1. Limits of Integration

Can I get some help, im trying to view the image of this in space

r is the region in the first quadrant bounded by the line y=x and
the curve x^4 +x^2y^2=y^2..
any idea on the limits for my integral, i think it goes from 0-pi/2 and something
else

2. I don't think changing to polar coordinates helps. $\displaystyle x^2y^2- y^2= y^2(x^- 1)= -x^4$ so $\displaystyle y^2= \frac{x^4}{1- x^2}$ and, in the first quadrant, $\displaystyle y= \frac{x^2}{\sqrt{1- x^2}}$. That intersects y= x when x= 0 and when $\displaystyle \frac{x^4}{1- x^2}= x^2$ which is equivalent to $\displaystyle x^2= 1- x^2$.

3. (double integral)

well my integral is
(1+x^2 +y^2)^-2
i think polar coordinates is appropriate.
but i think 0-pie/2 for theta but what is the limits for r dr?
clearly you have solved for y, but im not visualizing the line y=x and the curve stated above

4. Hello, begin!

$\displaystyle R\text{ is the region in the first quadrant bounded by the line }y=x$$\displaystyle \text{and the curve } x^4 +x^2y^2\:=\:y^2$

I would convert to polar coordinates . . .

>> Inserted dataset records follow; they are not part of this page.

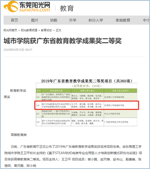 广东省教育厅正式公布了2019年广东省教育教学成果奖获奖将项目名单。由东莞理工学院城市学院王卫平校长主持的《基于STEAM的机电类专业应用型人才培养创新模式研究与实践》项目荣获高等教育类二等奖。
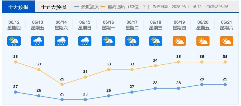 6月7日以来,佛山持续出现高温炎热天气,9日录得最高气温37.5℃。6月12日,佛山有雷阵雨,局地伴有短时强降水和雷雨大风等强对流天气,由于最高气温可达35℃,目前各区高温预警信号仍继续生效。
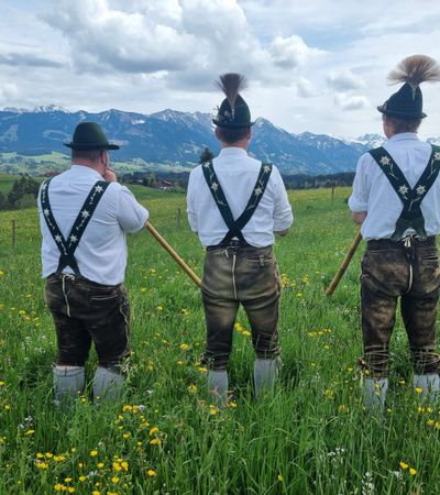 Alphornblasen vom Chef mit Traditionserklärung
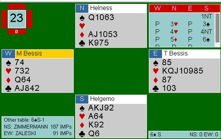 Legg først merke til meldingsforløpet der Tor viser kortfarge i hjerter med 3hj og etterpå sleminteresse med sparstøtte når han følger opp med 4hj. 17hp og fem spar kunne ikke stoppe Geir i syd fra å melde sparslemmen. Vest spiller ut spar til tieren i bordet og kløver til damen for å røyke ut Exx til høyre eller J10x. Damen ble stukket med esset og mer kløver. Under kongen kom tieren og Geir stjal en kløver for å sjekke J10x. Det var det ikke og øst kasta en hjerter.  Så litt fram og tilbake til denne sluttposisjonen:
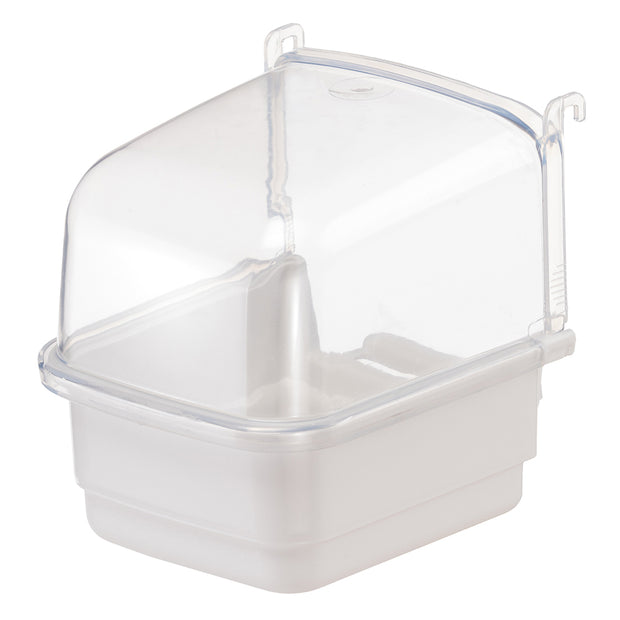 Rio 1 is a bath for canaries, small birds and exotic birds that allows your friends to bathe their feathers in complete tranquility. Made with non-toxic plastics, safe for the animal, it has a non-slip bottom and a practical perch for birds. It is also equipped with a transparent protection useful to prevent splashes from escaping. The bath adapts to various bird cages, can be easily assembled inside the habitat.
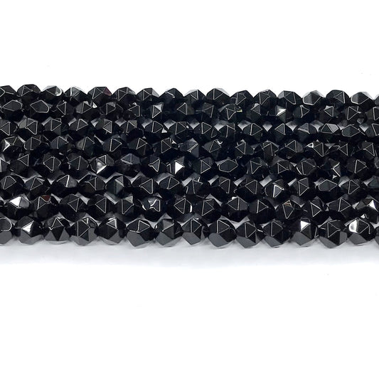 CAG215 Black Agate Beads Faceted Nuggets 6mm 15" Strand

We have: .$\displaystyle x^2(x^2+y^2) \:=\:y^2$

Then: .$\displaystyle r^2\cos^2\!\theta \cdot r^2 \:=\:r^2\sin^2\!\theta \quad\Rightarrow\quad r^2 \:=\:\dfrac{\sin^2\!\theta}{\cos^2\!\theta} \quad\Rightarrow\quad r^2 \:=\:\tan^2\theta$

Area Formula: .$\displaystyle \displaystyle A \;=\;\tfrac{1}{2}\int^{\beta}_{\alpha} \!r^2\,d\theta$

We have: .$\displaystyle r^2 \,=\,\tan^2\!\theta,\;\alpha = 0,\;\beta = \frac{\pi}{4}$

Go for it!

5. i have theta goes from 0-pie/2 but what abour r dr